A rendering of one of four proposals by Mortenson Development. This proposal calls for one large hotel to be built north of the Oregon Convention Center.
The four-party agreement included representatives from UNITE HERE Local 8, which represents hotel workers in Seattle and Portland, and the companies collaborating to pursue the hotel project, which would add as many as 600 hotel rooms near the convention center. The negotiations for the labor peace agreement took about six weeks.
UNITE HERE has been locked in a worldwide dispute with Hyatt, the proposed hotel's owner, about union representation at most of its properties. But elected officials overseeing the planning of the convention center hotel stressed earlier this year that any hotel operator would need to reach a deal to have a labor peace agreement.
UNITE HERE senior researcher Nischit Hegde said the agreement ensures there won't be any economic actions or boycotts against the hotel when it opens.
"It's an opportunity for folks to decide, without intimidation, whether or not they want to join a union," Hegde said of the labor peace agreement.
Hegde said the hotel workers' union will now step back until the project is completed.
"Once the thing gets built, we don't have any say in who gets hired," she said. "Our direct work on this hotel will really start again once the hotel is opened."
That is expected in late 2015, according to the Mortenson Development proposal. Mortenson is proposing to build the hotel project.
Metro representatives stressed that the deal doesn't mean the hotel would be a union property, but it does spell out the process under which the hotel's union status will be decided. Messages to Hyatt's local public relations firm, left at 4:15 p.m., were not immediately returned.

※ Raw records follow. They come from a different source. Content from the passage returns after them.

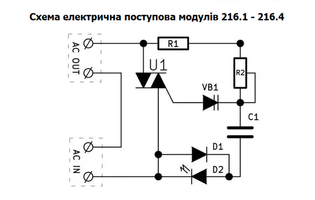 Радіоконструктор K216.1 складається з симістора і ланцюжка, що час задає. Принцип регулювання потужності полягає у зміні тривалості часу відкритого стану симістора. Чим більший час симістор відкритий, тим більша потужність віддається навантаження. А оскільки симістор вимикається в момент коли струм, що протікає через симістор, дорівнює нулю, то задаватимемо тривалість відкриття симістора в межах половини періоду. На початку позитивного напівперіоду симістор закритий. У міру збільшення напруги мережі, конденсатор С1 заряджається через дільник R1, R2. Заряд конденсатора триває до того часу, поки напруга у ньому досягне порога «пробою» диністора (близько 32 В). Диністор замкне ланцюг D1, C1, D2 і відкриє симістор U1. Симістор залишається відкритим до кінця напівперіоду. Час зарядки конденсатора визначається параметрами ланцюжка R1, R2, C1.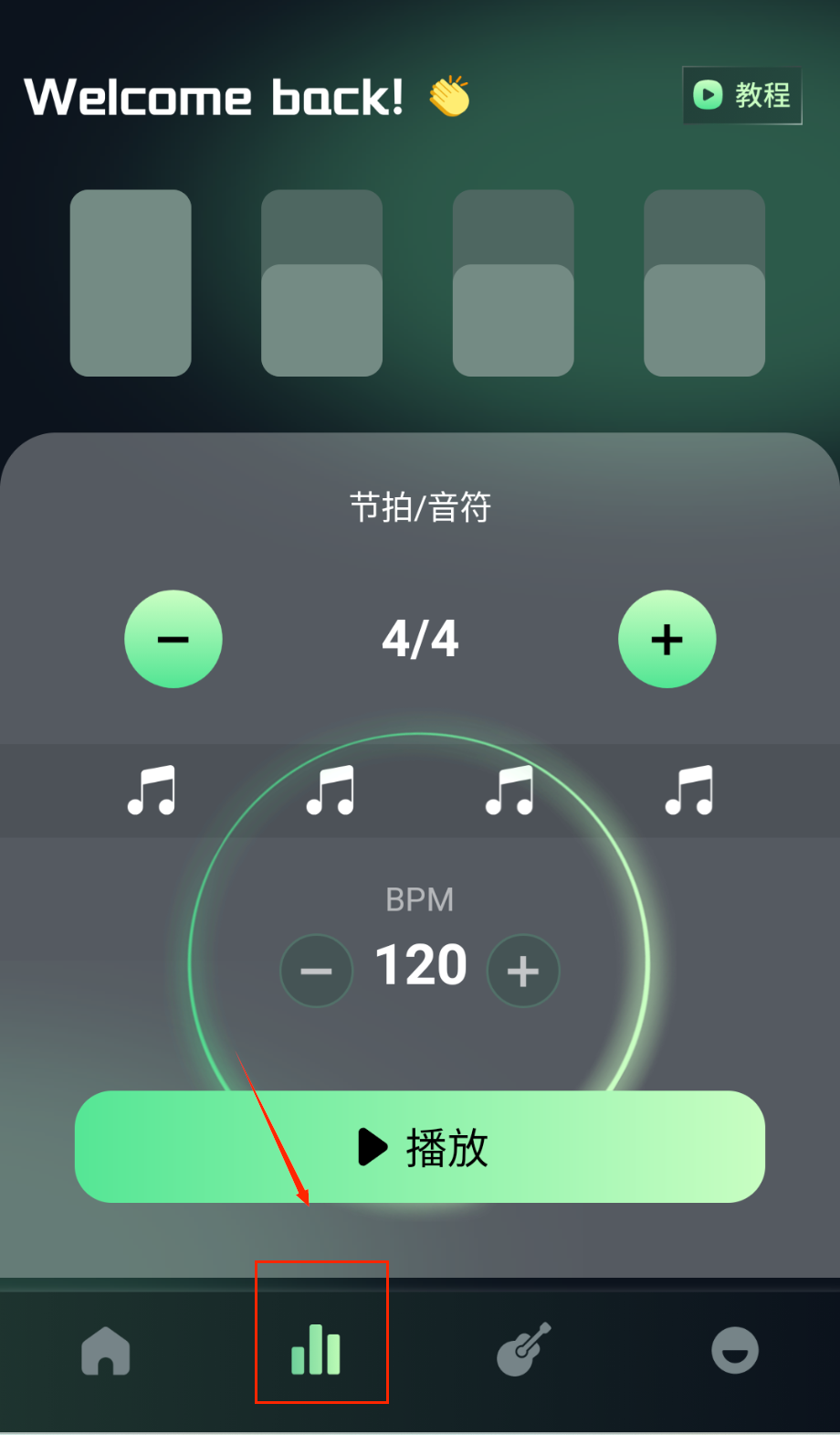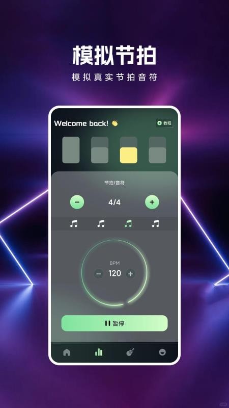 2、进入模拟节拍器界面调整节拍速度与音符类型,通过实时模拟音效进行节奏练习并支持随时暂停修正。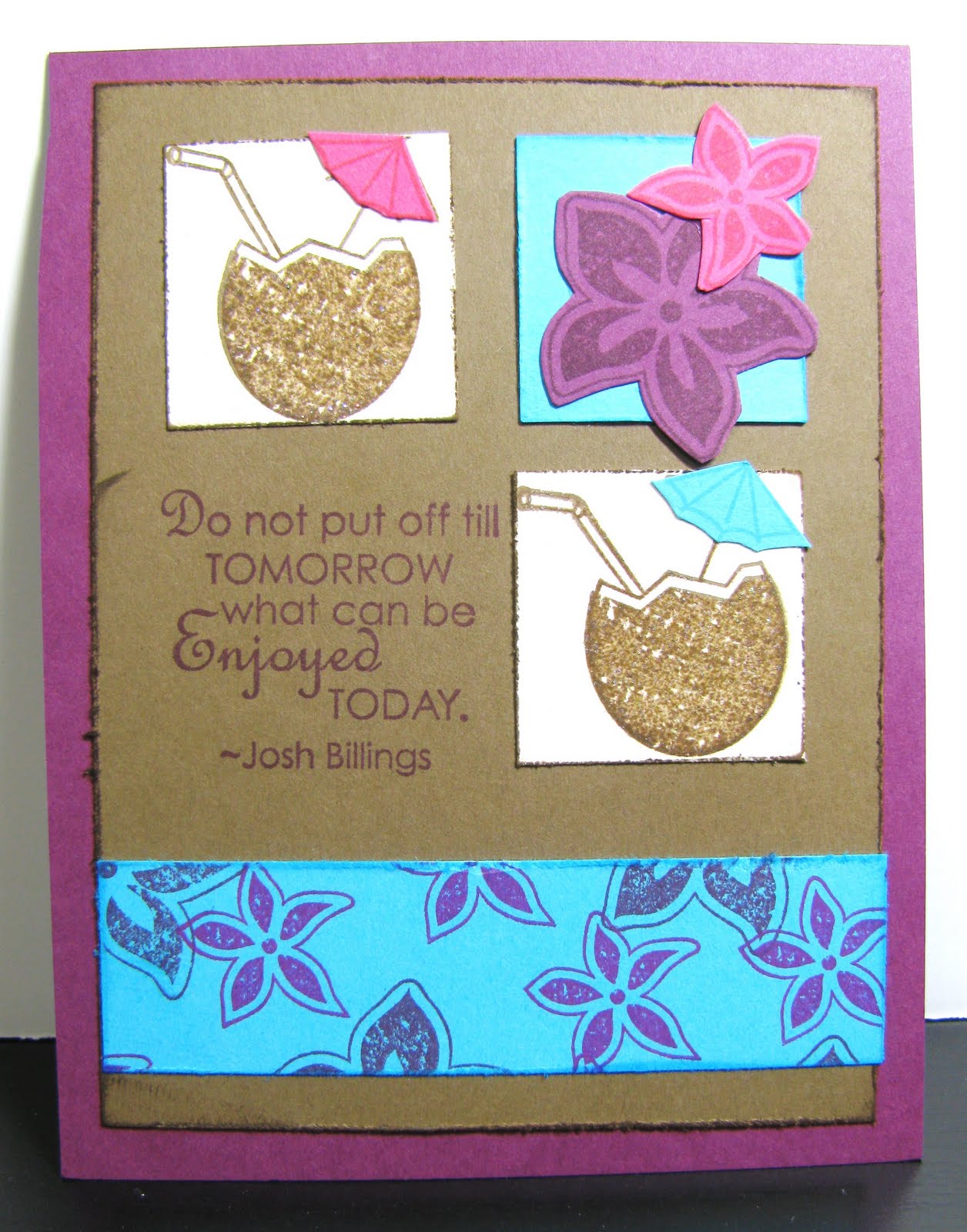 Thanks to Laura Lawson for this card! I have been using the Tropical Party stamp set like crazy for scrapbooking, but doesn’t it look great on a card as well?!?! Thanks for the idea Laura!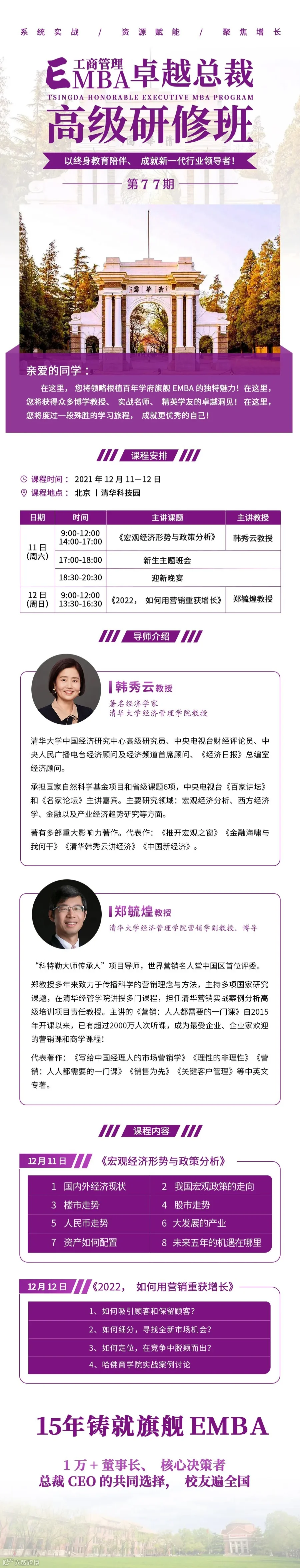 导读:12月11-12日|第77期 清大工商管理(EMBA)卓越总裁高级研修班开学典礼——旗舰EMBA

The agreement gives Metro, the Portland Development Commission and Multnomah County the green light to begin negotiations with Mortenson, which is proposing to build as many as 600 hotel rooms and sell the property to Hyatt to operate as a Hyatt Regency-branded facility.
The key piece for the public partners to now negotiate: Money.
In exchange for guaranteeing that hotel rooms will be available for future conventions, and building a hotel near the convention center instead of somewhere else in Portland, the government partners pushing the project would have to offer some cash up front to get those concessions.
Hyatt's initial proposal called for those incentives to be $10 million to $23 million. The hotel chain's proposal also calls for local room taxes from the property's rooms to be rebated back to the property for 30 years, which Mortenson estimated would bankroll $111 million of the property's development costs.
"This project will create several hundred very good temporary construction jobs and about 450 good paying family-wage hotel jobs, so I'm really pleased they've gotten that labor peace agreement that ensures that will happen," Hughes said at Thursday's council meeting.
If the parties reach an agreement on public financing, it would have to be approved by the Portland City Council, Portland Development Commission and the Metro Council. The Multnomah County Commission could also need to sign off on some of the project's financials if they involve county taxes, such as the room tax.
"We see it as an opportunity for really good middle class jobs, and we're excited about it," Hegde said.